> **Action item**
An exact copy is needed of the lines in the entries below from the line with "Our hair claw" up to and including the line with "Мир финансов только", and of nothing else. Leave the pictures out.

> **Listed entries**
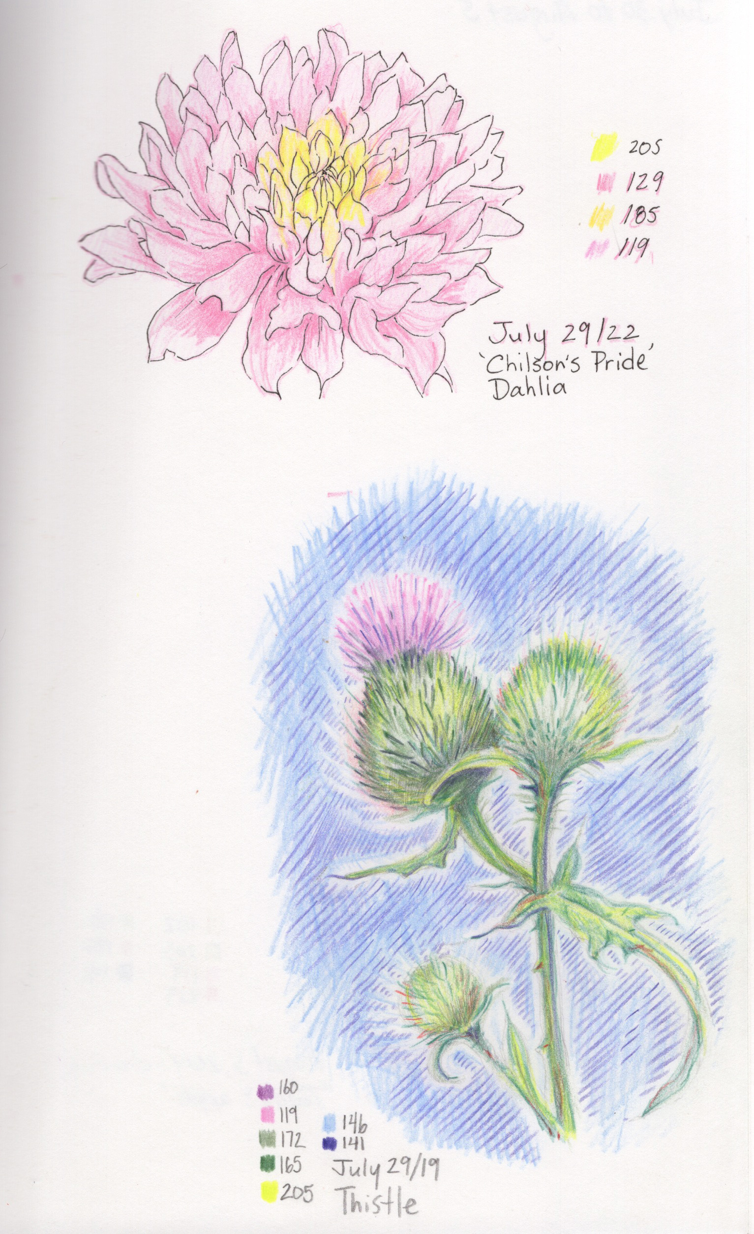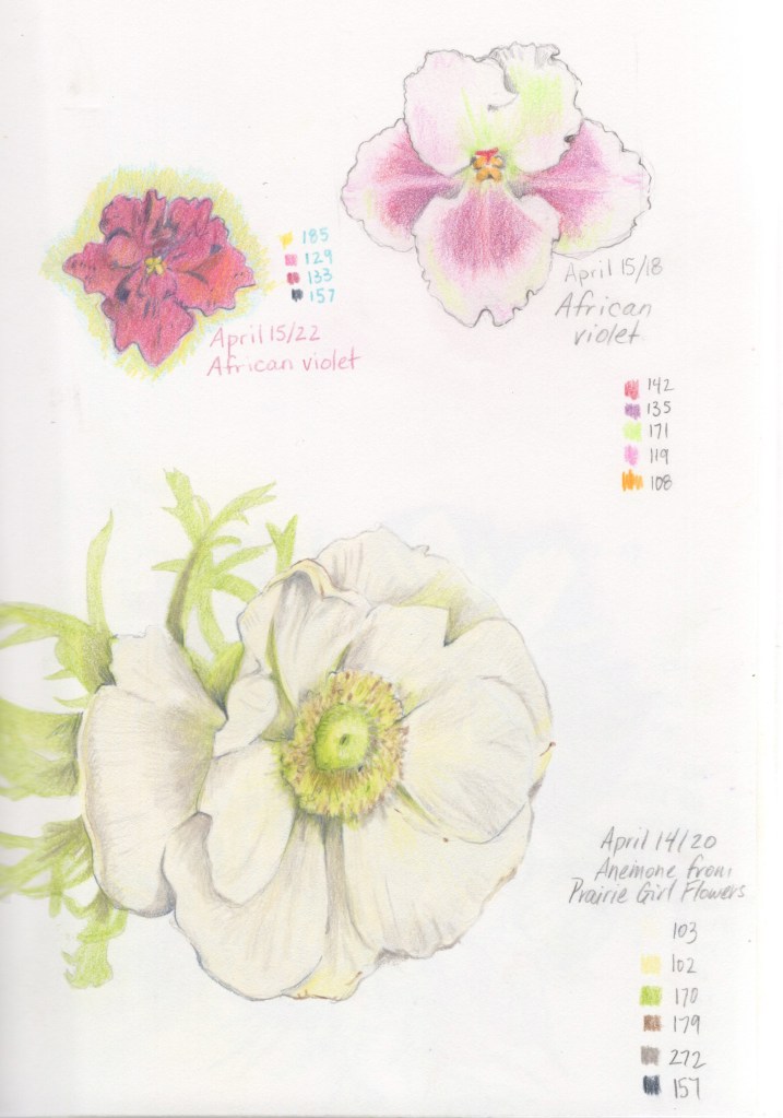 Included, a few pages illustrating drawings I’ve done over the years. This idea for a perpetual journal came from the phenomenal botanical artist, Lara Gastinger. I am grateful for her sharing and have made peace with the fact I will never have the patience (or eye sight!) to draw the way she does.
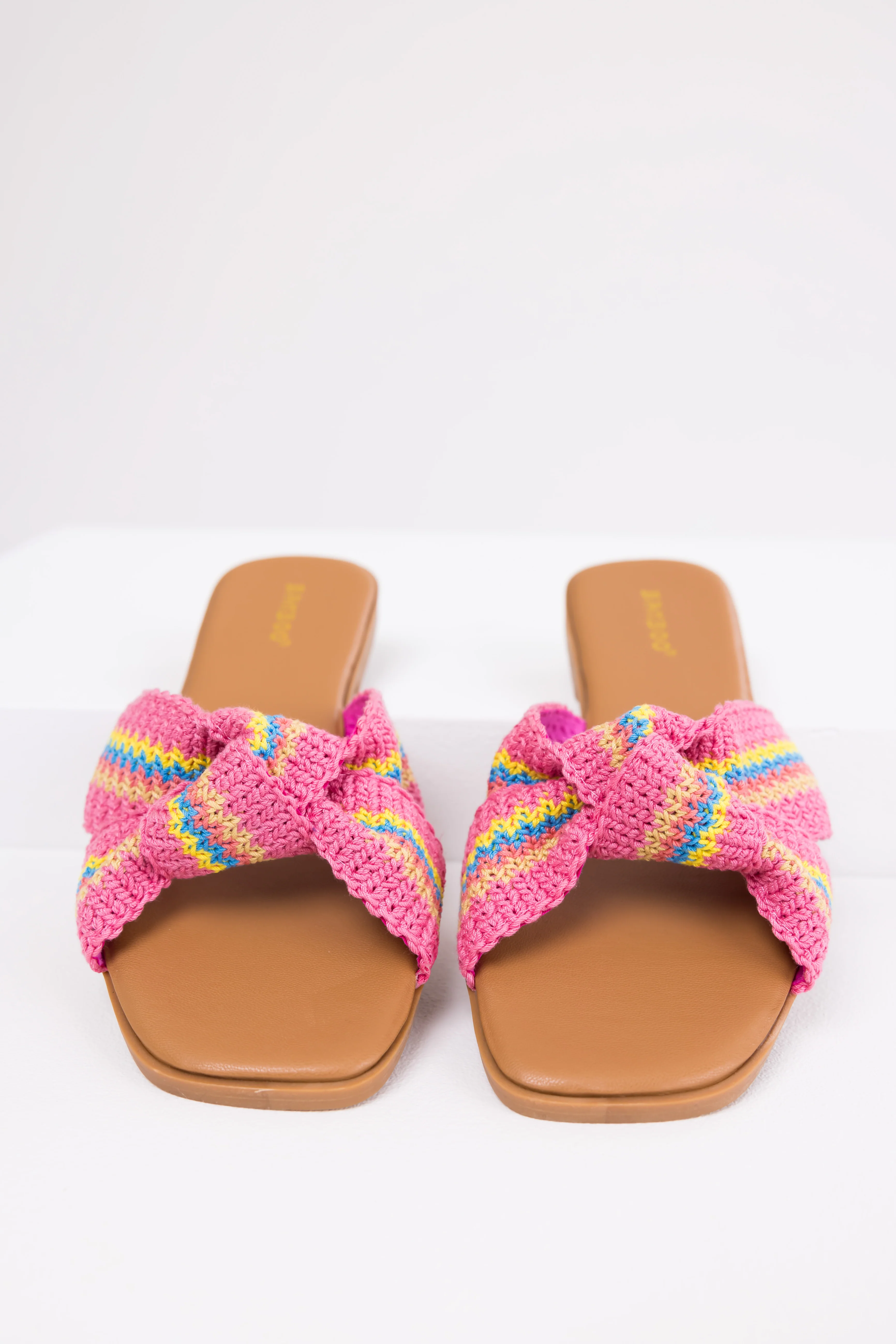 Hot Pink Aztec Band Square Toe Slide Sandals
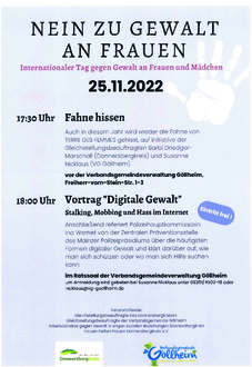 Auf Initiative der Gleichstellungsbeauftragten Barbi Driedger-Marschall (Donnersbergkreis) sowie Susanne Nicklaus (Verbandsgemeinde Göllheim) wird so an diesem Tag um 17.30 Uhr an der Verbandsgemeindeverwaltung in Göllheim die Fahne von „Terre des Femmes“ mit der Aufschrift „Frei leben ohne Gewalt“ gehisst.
...
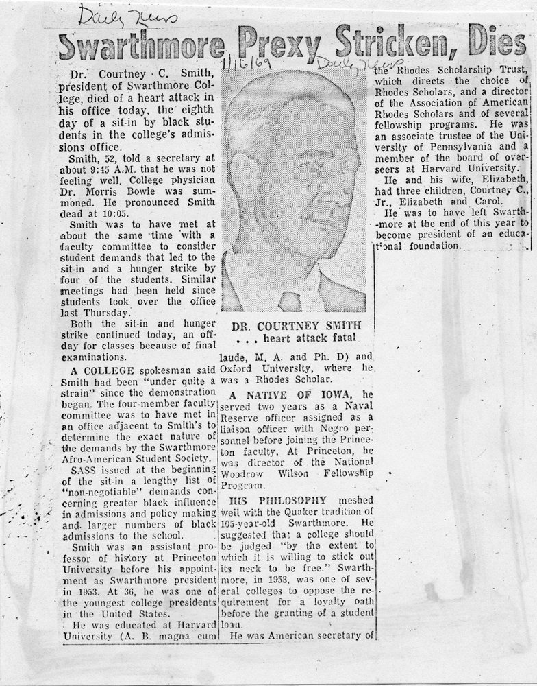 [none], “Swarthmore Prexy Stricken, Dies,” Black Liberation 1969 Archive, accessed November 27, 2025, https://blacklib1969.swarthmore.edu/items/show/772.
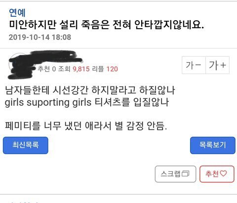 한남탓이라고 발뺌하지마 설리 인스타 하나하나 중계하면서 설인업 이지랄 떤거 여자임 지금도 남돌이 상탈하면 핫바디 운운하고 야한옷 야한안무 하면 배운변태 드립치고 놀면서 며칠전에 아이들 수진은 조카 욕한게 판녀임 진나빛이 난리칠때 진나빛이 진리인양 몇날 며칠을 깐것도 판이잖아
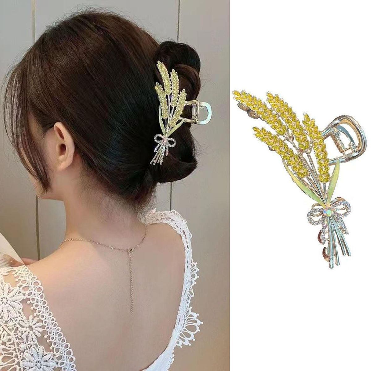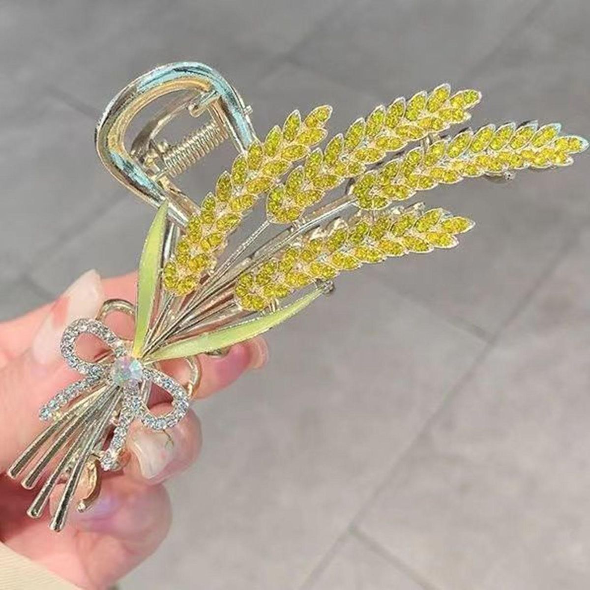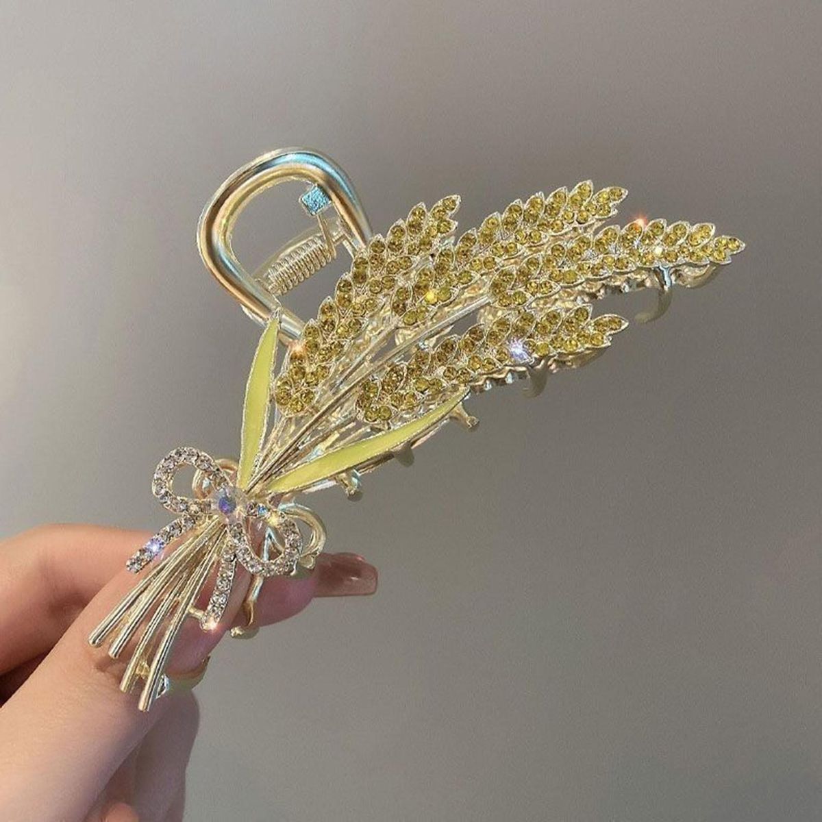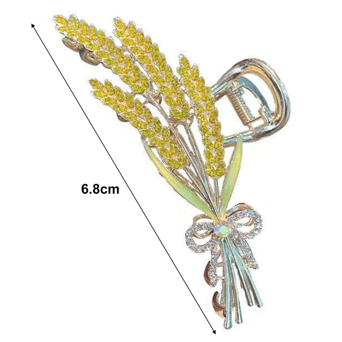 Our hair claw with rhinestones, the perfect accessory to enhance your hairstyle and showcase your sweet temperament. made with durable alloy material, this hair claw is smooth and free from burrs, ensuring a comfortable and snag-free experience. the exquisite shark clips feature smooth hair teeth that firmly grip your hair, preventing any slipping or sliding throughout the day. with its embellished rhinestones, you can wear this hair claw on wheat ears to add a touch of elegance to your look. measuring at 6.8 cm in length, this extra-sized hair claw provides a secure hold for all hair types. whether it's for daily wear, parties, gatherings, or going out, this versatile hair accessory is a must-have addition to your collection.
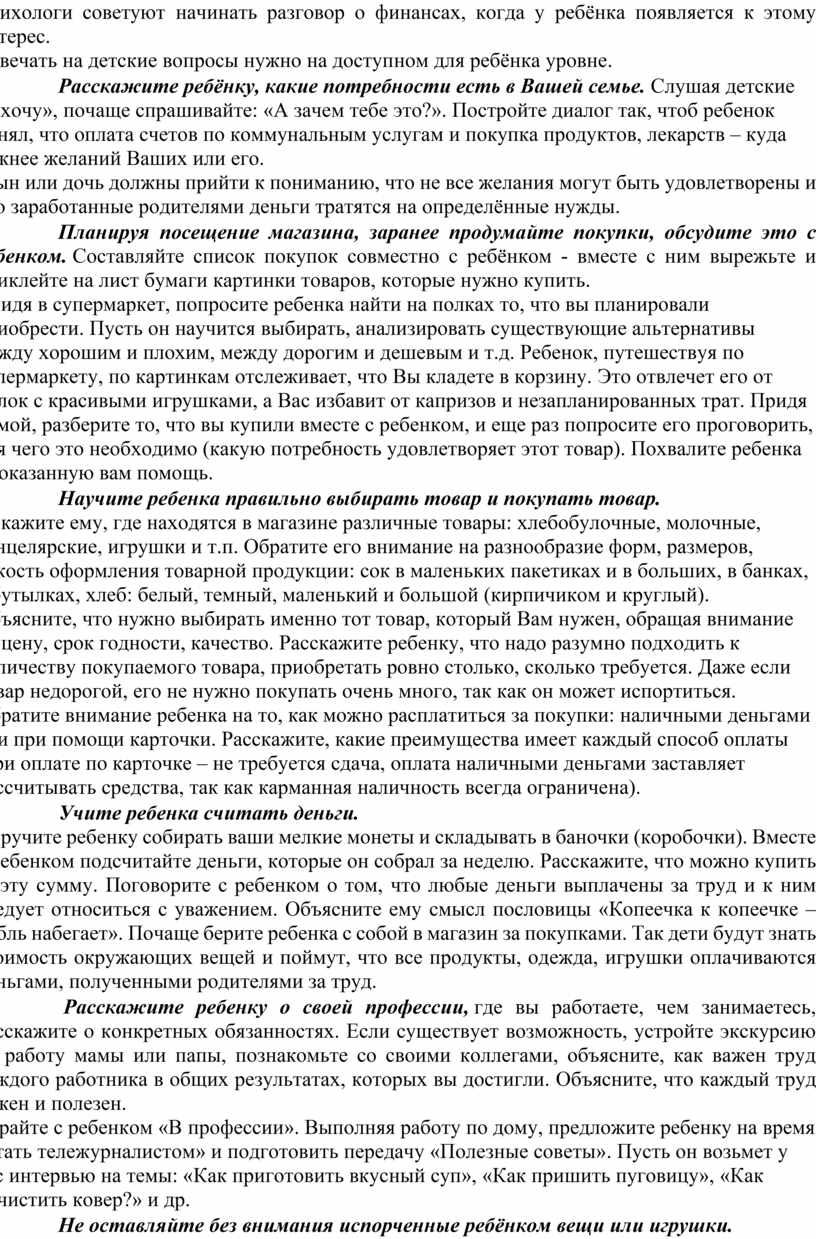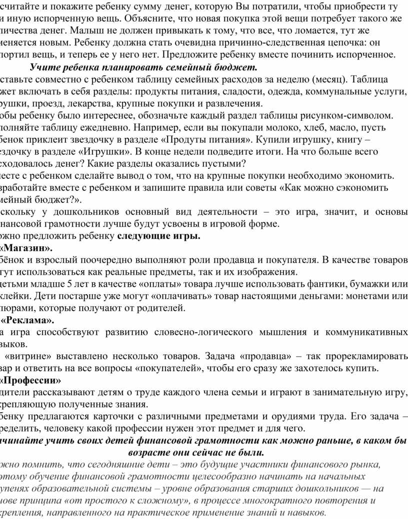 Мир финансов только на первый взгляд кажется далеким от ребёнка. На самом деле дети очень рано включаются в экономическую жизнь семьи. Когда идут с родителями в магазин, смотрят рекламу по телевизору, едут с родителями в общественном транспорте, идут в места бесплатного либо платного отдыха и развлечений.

> **Solution**
 Our hair claw with rhinestones, the perfect accessory to enhance your hairstyle and showcase your sweet temperament. made with durable alloy material, this hair claw is smooth and free from burrs, ensuring a comfortable and snag-free experience. the exquisite shark clips feature smooth hair teeth that firmly grip your hair, preventing any slipping or sliding throughout the day. with its embellished rhinestones, you can wear this hair claw on wheat ears to add a touch of elegance to your look. measuring at 6.8 cm in length, this extra-sized hair claw provides a secure hold for all hair types. whether it's for daily wear, parties, gatherings, or going out, this versatile hair accessory is a must-have addition to your collection.
 Мир финансов только на первый взгляд кажется далеким от ребёнка. На самом деле дети очень рано включаются в экономическую жизнь семьи. Когда идут с родителями в магазин, смотрят рекламу по телевизору, едут с родителями в общественном транспорте, идут в места бесплатного либо платного отдыха и развлечений.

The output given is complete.